• **INFORMATION PROVIDED**
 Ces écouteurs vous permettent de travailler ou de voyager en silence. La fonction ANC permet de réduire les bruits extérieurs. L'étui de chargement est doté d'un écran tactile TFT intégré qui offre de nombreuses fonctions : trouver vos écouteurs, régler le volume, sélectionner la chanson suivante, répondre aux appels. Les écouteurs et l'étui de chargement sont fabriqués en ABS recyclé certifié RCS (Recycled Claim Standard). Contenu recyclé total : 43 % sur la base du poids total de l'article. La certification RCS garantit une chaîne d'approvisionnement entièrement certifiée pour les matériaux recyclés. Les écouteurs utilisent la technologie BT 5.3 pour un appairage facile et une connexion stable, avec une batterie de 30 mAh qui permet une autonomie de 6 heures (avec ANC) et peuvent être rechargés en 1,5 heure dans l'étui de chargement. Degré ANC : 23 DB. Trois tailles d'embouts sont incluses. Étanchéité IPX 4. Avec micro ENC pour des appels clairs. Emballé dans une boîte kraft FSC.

==

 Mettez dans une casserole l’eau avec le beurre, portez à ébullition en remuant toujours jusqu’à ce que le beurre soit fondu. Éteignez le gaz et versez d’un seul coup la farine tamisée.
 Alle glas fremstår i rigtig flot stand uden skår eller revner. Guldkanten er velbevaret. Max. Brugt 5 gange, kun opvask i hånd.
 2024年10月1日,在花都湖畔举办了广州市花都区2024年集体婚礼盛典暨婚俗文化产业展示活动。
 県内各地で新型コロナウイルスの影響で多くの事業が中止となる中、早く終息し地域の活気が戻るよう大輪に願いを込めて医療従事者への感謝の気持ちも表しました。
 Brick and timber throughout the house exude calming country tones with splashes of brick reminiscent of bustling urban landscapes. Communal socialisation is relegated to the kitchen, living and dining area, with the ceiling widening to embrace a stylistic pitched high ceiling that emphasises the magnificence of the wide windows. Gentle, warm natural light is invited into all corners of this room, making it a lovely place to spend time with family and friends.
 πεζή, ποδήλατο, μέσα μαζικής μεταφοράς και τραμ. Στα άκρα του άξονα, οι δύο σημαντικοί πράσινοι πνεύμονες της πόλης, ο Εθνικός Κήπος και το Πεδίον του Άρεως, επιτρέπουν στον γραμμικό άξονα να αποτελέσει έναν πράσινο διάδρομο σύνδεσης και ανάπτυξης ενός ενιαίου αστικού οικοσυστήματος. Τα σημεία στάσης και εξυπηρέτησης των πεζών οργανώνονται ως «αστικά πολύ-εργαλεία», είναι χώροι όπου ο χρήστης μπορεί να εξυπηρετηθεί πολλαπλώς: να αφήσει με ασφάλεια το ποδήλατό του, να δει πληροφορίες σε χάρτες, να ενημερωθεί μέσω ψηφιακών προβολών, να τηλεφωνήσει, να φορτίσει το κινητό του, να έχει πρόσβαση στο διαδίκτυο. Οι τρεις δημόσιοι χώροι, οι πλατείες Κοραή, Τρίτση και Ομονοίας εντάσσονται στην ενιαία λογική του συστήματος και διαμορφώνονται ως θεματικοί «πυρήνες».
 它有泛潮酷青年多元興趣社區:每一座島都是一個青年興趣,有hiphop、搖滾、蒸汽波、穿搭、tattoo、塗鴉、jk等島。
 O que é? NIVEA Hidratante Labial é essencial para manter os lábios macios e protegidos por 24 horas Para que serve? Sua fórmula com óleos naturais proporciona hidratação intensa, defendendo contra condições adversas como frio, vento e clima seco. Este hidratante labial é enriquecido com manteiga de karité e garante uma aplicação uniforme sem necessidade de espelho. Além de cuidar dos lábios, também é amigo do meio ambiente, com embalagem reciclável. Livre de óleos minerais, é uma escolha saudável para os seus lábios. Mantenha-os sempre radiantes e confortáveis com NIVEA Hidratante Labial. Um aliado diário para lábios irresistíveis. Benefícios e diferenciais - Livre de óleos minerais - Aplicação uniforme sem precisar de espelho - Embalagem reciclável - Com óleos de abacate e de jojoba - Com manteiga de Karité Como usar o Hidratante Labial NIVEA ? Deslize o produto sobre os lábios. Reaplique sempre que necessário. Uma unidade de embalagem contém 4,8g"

==

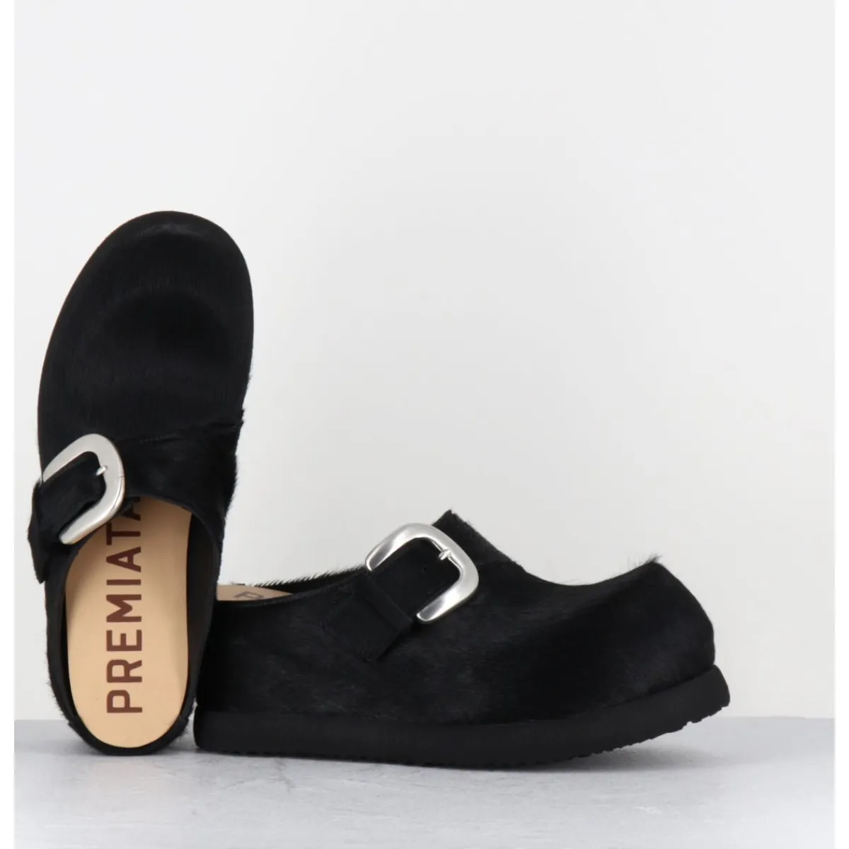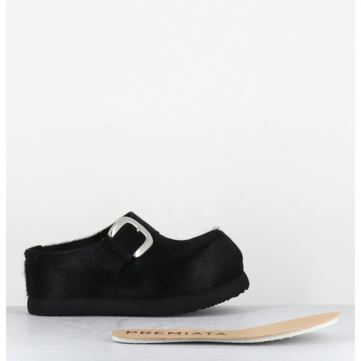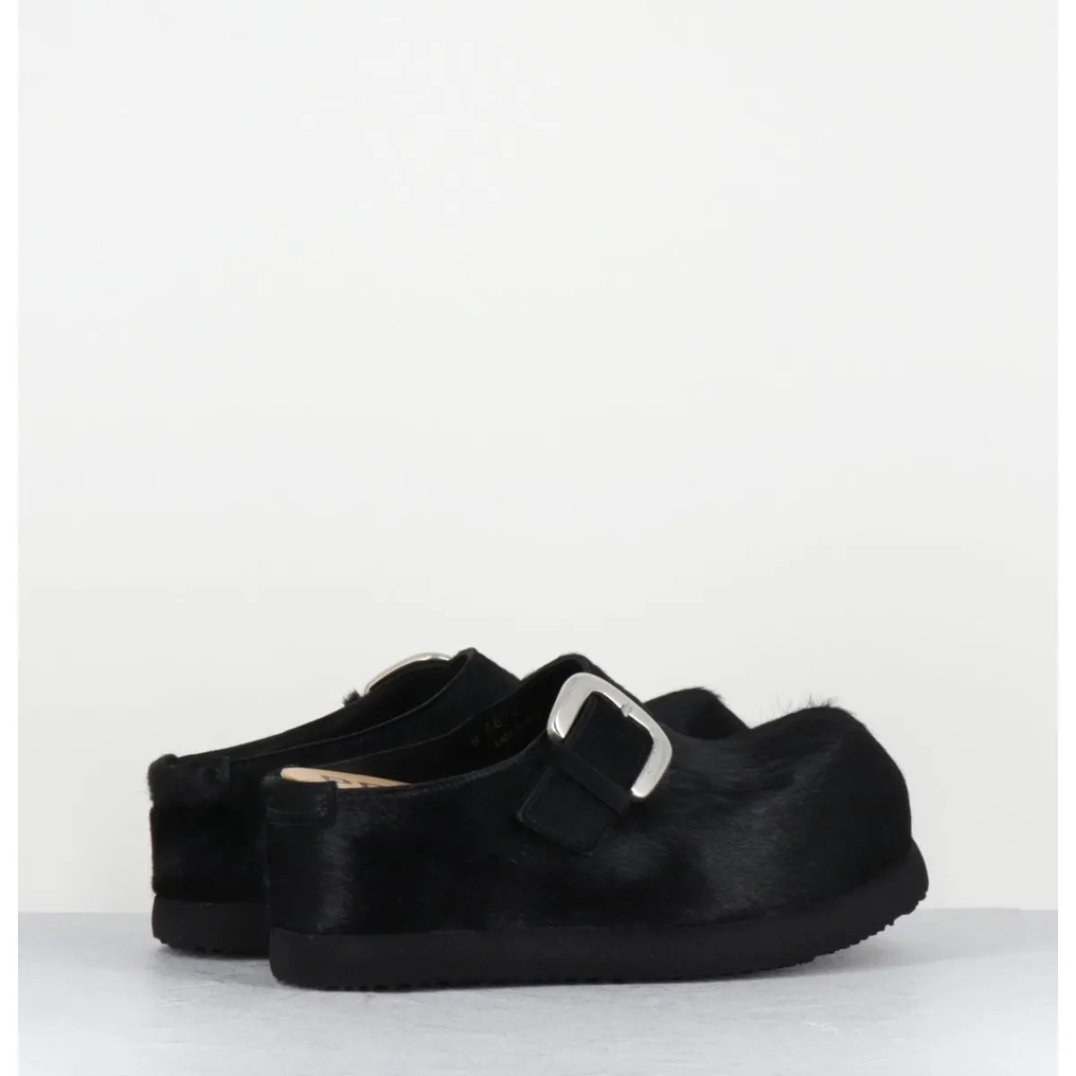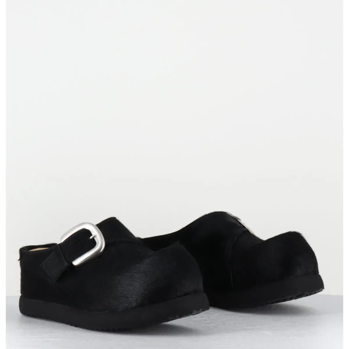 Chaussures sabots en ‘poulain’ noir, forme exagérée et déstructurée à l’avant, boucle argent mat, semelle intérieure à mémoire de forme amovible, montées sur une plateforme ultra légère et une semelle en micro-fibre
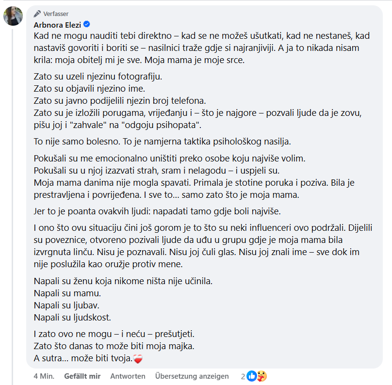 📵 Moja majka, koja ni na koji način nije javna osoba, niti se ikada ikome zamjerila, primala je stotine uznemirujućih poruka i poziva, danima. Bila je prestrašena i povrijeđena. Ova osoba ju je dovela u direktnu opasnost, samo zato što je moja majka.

• **WORK REQUIRED**
In the listing above, the lines from the one containing "Mettez dans une" through the one containing "県内各地で新型コロナウイルス" must be set down exactly, with no other lines.

• **ANSWER BELOW**
 Mettez dans une casserole l’eau avec le beurre, portez à ébullition en remuant toujours jusqu’à ce que le beurre soit fondu. Éteignez le gaz et versez d’un seul coup la farine tamisée.
 Alle glas fremstår i rigtig flot stand uden skår eller revner. Guldkanten er velbevaret. Max. Brugt 5 gange, kun opvask i hånd.
 2024年10月1日,在花都湖畔举办了广州市花都区2024年集体婚礼盛典暨婚俗文化产业展示活动。
 県内各地で新型コロナウイルスの影響で多くの事業が中止となる中、早く終息し地域の活気が戻るよう大輪に願いを込めて医療従事者への感謝の気持ちも表しました。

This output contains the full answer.